Listed entries -
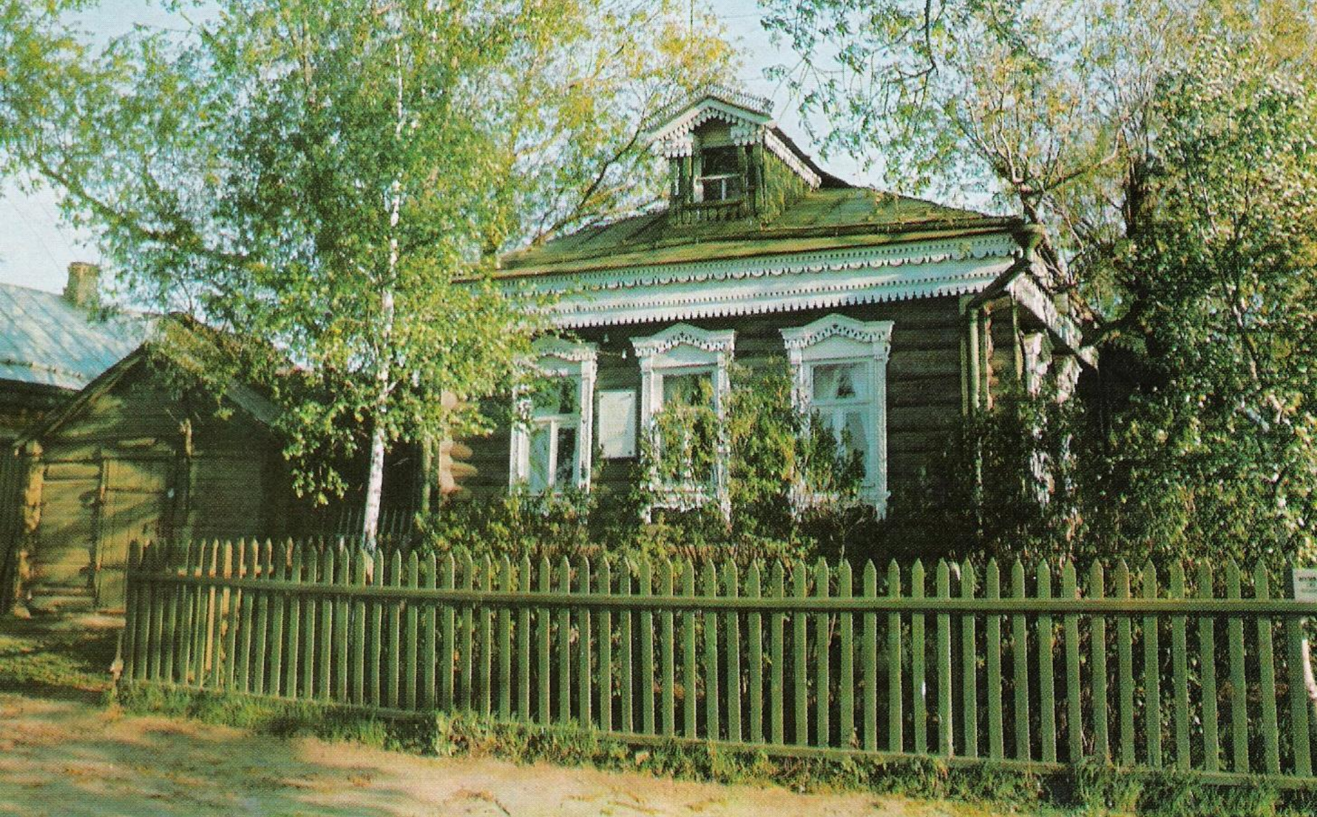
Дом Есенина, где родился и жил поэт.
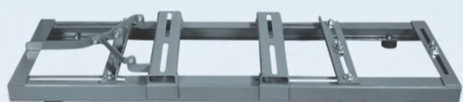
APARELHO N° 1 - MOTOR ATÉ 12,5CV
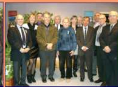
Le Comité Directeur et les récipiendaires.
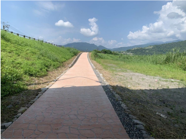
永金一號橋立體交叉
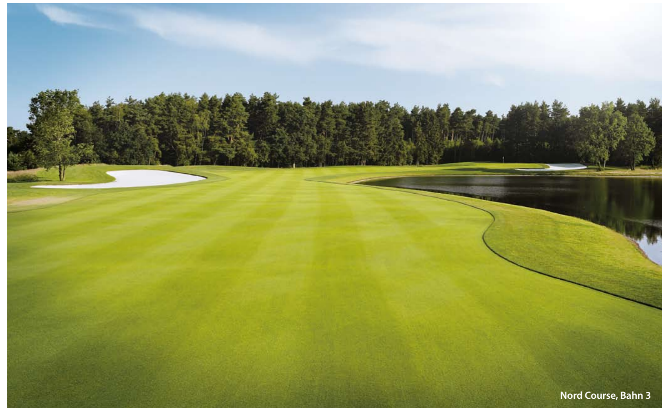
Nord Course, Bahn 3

Assigned task - Pictures are not part of the copy; reproduce exactly and only the lines from the line containing "Le Comité Directeur et les récipiendaires." through the end of the listing.

Reply -
Le Comité Directeur et les récipiendaires.
永金一號橋立體交叉
Nord Course, Bahn 3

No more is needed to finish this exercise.